Giving advances on profits in Macau
January 16, 2014 | BY
clpstaff &clp articles &Riquito Advogados
João Nuno Riquito and Ricardo
Vera-Cruz
It has been four years since Law 16/2009 added Section 432-A to the Macau Commercial Code, thus establishing the possibility of limited companies by shares executing advances on account of profits.
Part of the reasoning behind this possibility is the idea of increasing the attractiveness of investments in companies´ share capital. Traditionally, companies can distribute profits once a year, generally in the beginning of the year. However, most jurisdictions allow companies to proceed with the distribution of future profits, although they also set out certain requirements to do this.

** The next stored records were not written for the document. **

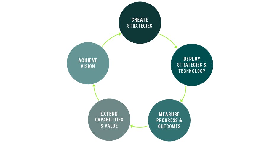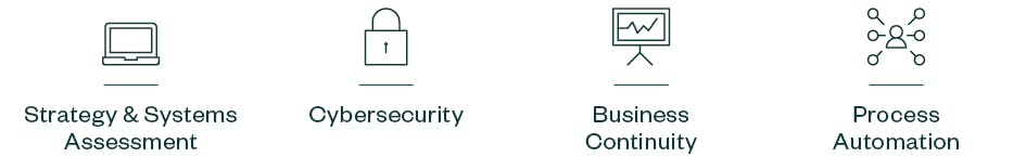Going beyond simple technology implementation, you can integrate solutions that support your people, process, and technology to work together to move your organization forward and make sure your technology strategy and plan are aligned with the business.
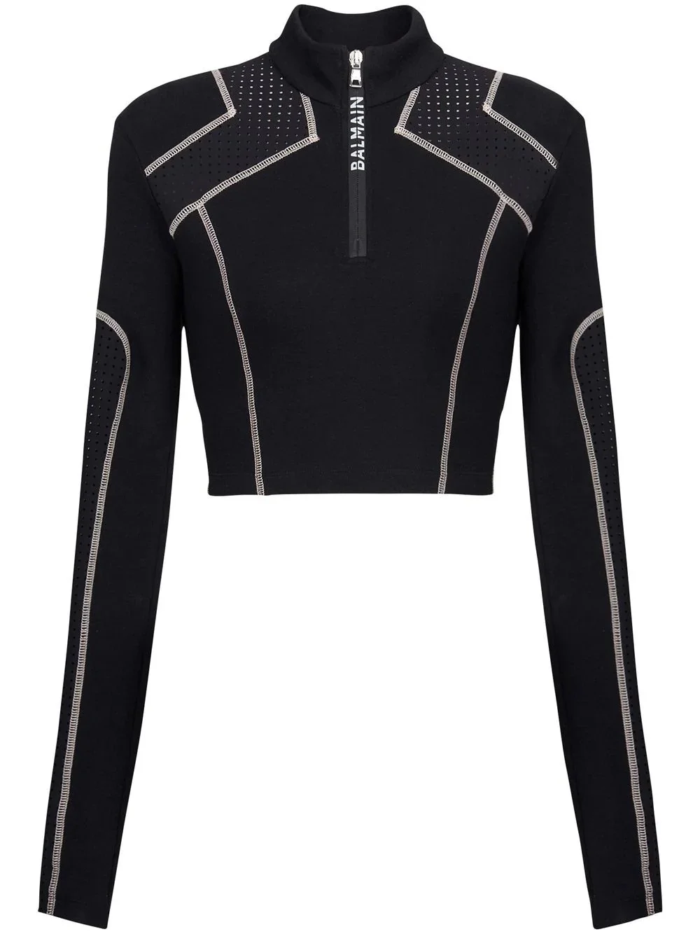 logo-print cropped top black/white perforated detailing contrast stitching mock neck short front zip fastening long sleeves straight hem cropped Imported Composition Cotton 95%, Spandex/Elastane 5%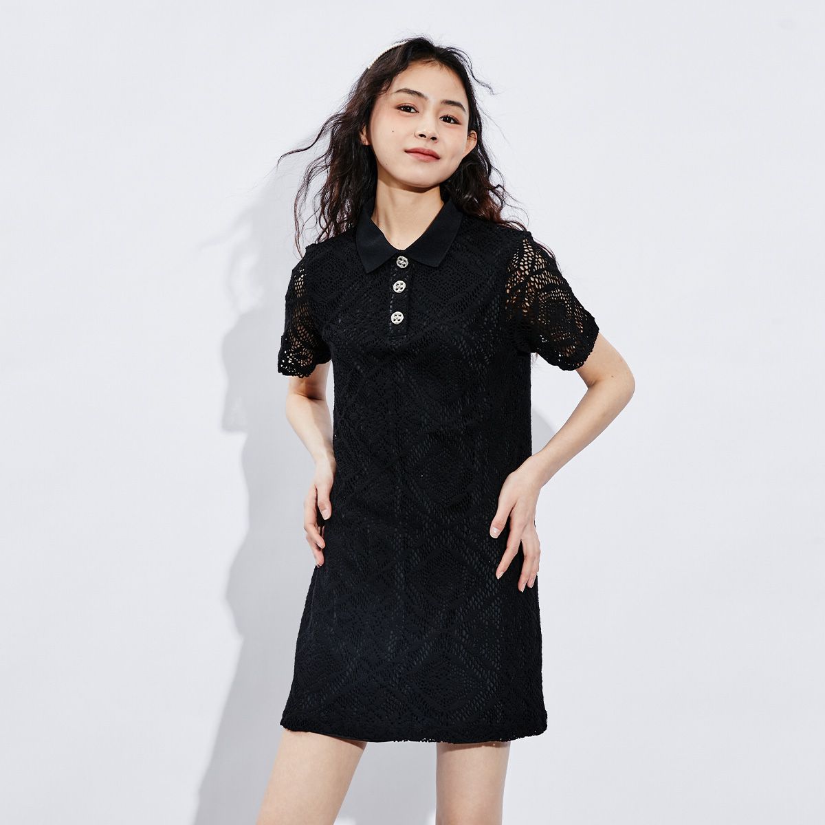 【镂空短款】夏季气质显瘦POLO领连衣裙女 749018

In Macau, Section 432-A authorises the distribution of advances on account of profits of the fiscal year provided that: (i) the articles of association establishes this possibility, (ii) the advance is proposed by the board of directors, (iii) a mid-term balance is elaborated, (iv) the mid-term balance demonstrates the existence, at the time of its elaboration, of amounts available for distribution, (v) the mid-term balance is certified by an auditor or an audit firm, (vi) the supervisory board or the sole supervisor expresses a favourable opinion, (vii) the amounts distributed as advances do not exceed half of the amounts available for distribution and, (viii) there is only one advance per fiscal year and only in the second half of the fiscal year. Companies generally face four common problems when proceeding with advances.
Competence
The first problem normally faced by companies is to know who is the corporate body competent to resolve the advance and if there are limitations to this competence.

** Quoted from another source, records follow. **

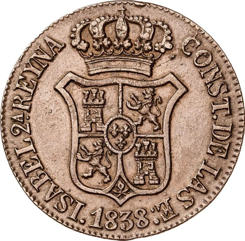 Find out the current coin value of the Spanish 6 Cuartos 1838 "Catalonia". This copper coin from the times of Isabella II struck at the Barcelona Mint. Wondering how much a coin like this is worth? The record price belongs to the lot 960 sold at the Aureo & Calicó, S.L. auction for EUR 650. Bidding took place October 29, 2015.
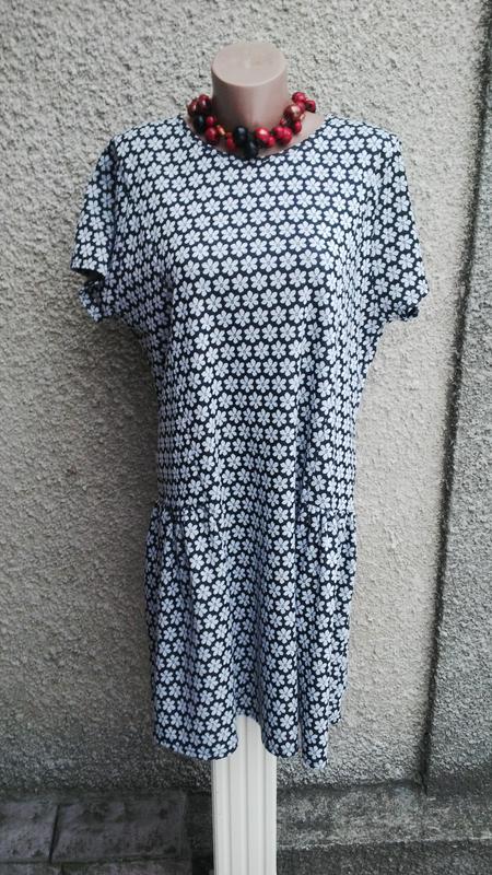 Платье трикотажное с баской, цветочный принт,большой размер f&f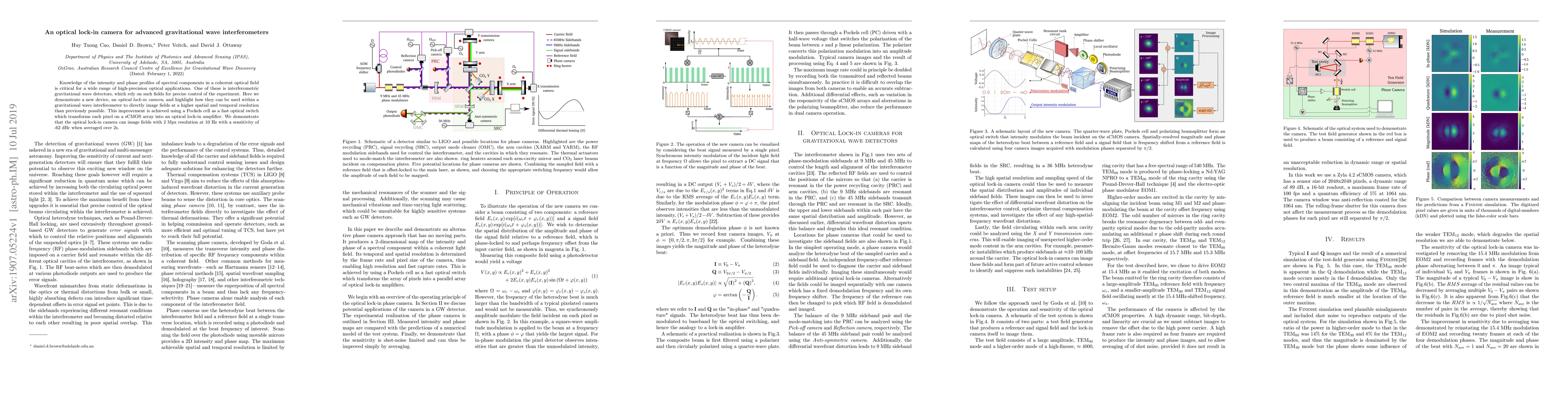 Knowledge of the intensity and phase profiles of spectral components in a coherent optical field is critical for a wide range of high-precision optical applications. One of these is interferometric gravitational wave detectors, which rely on such fields for precise control of the experiment. Here we demonstrate a new device, an \textit{optical lock-in camera}, and highlight how they can be used within a gravitational wave interferometer to directly image fields at a higher spatial and temporal resolution than previously possible. This improvement is achieved using a Pockels cell as a fast optical switch which transforms each pixel on a sCMOS array into an optical lock-in amplifier. We demonstrate that the optical lock-in camera can image fields with 2~Mpx resolution at 10~Hz with a sensitivity of -62~dBc when averaged over 2s.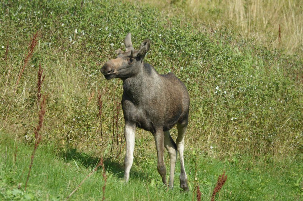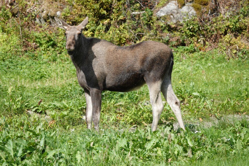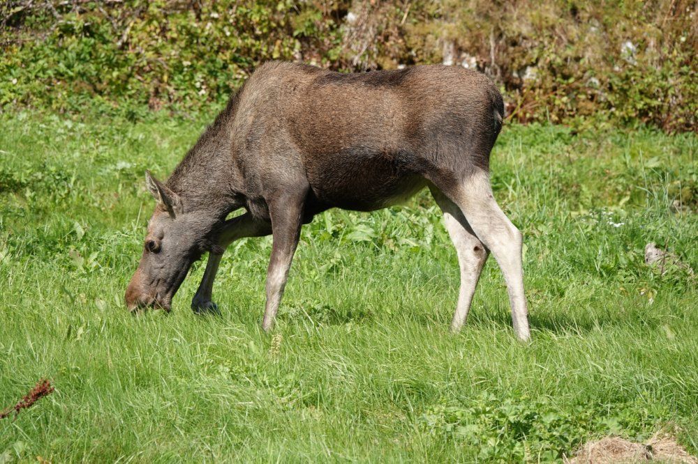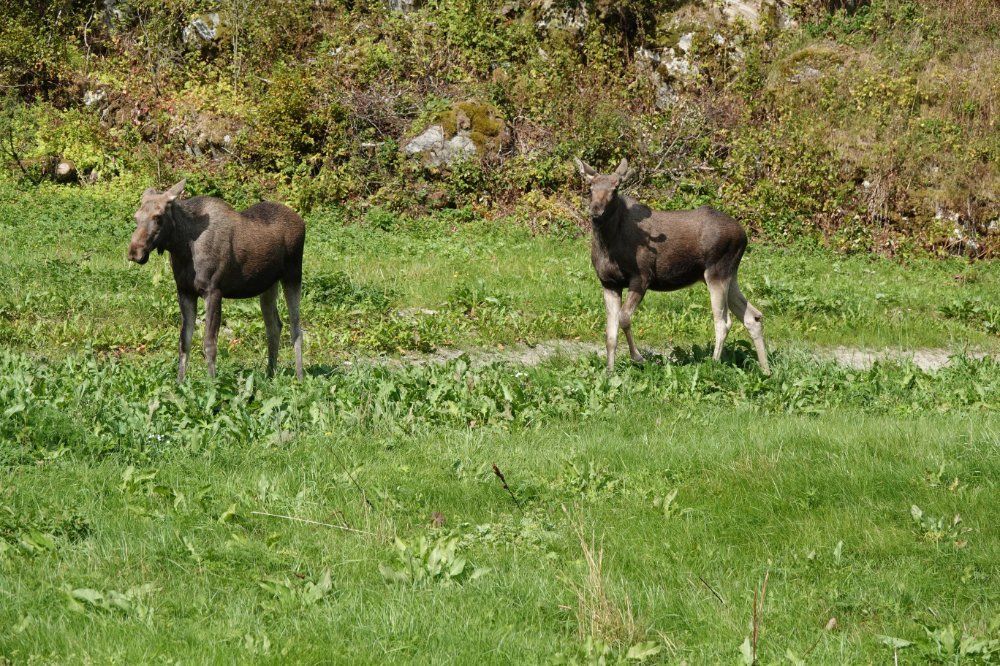 Dann zieht es uns aber weiter Richtung Insel Leka. Und da stehen sie plötzlich - zwei Elche. Erschrecken sie anfänglich wohl darüber, dass wir stoppen und nicht einfach vorbeifahren, lassen sie sich aber schnell nicht mehr stören und grasen friedlich weiter.

Section 432-A follows the general rule that the corporate body competent to resolve matters regarding distribution of profits is the shareholders general meeting (Section 100 of the Commercial Code). However, the competence of the general meeting to resolve the distribution of advances on account of profits is subject to a proposal of the board of directors and previous approval by the supervisory board. This means the board of directors must, at their own discretion, propose to the shareholders the execution of an advance and terms of the same, together with the supervisory board or sole supervisor favourable opinion. The shareholders can either accept or reject the proposal, but not modify it.
Profits that can be advanced
The second problem companies face when resolving the distribution of advances is the meaning of profits. What can be considered as profits for the purposes of this Section?
Two simple observations can answer this question. First, one can only advance future profits. Past profits that were not distributed cannot be advanced but, only distributed. Second, subparagraph b) of paragraph 1 of Section 432-A specifically states that the mid-term balance should take into account, when demonstrating the existence of amounts available for distribution, the results recorded during the elapsed period of the fiscal year of the advance. Therefore the profits available for advances are the ones recorded in the fiscal year of the advance.
However, not all the profit of the fiscal year can be paid in advance to shareholders. In fact, Section 432-A establishes two limitations. First, the amounts considered available in the mid-term balance must respect the imperative rule that the advance can only take place if after its execution the company´s net worth does not become inferior to the sum of the aggregate amount of share capital, legal and mandatory statutory reserves. Second, only half of the amount considered available in the mid-term balance can be distributed as advances on account of profits.
The mid-term balance
The third problem faced by companies concerns the mid-term balance deadline.
The law determines that it must be executed within 30 days, but does not make clear the date from which it starts counting. Attending to the letter of the Law, the mid-term balance must be drafted up to 30 days prior to the shareholders resolution. Although the solution is not optimal – it creates time constrains to the resolution – is the most adequate according to the letter of the Law.
Lack of profits
The last problem we will address is the legal consequences for the verification, on the annual accounts, of the inexistence of profits and/or the existence of losses.
The answer to the question of whether the shareholders have to refund the company in case there are no profits at the end of the fiscal year is surely one of the main concerns of shareholders and is a perfectly understandable concern. The answer is that they are unlikely to have to make a refund.
The Commercial Code protects shareholders that have received amounts from the company as profits, determining that shareholders do not have to return amounts received in breach of the law if they did not know of the irregularity and, according to the circumstances, did not have an obligation to know of it. Since the advance is proposed by the board of directors, with the favourable opinion of the supervisory board, it is unlikely that the shareholders will be forced to return the amounts received to the company.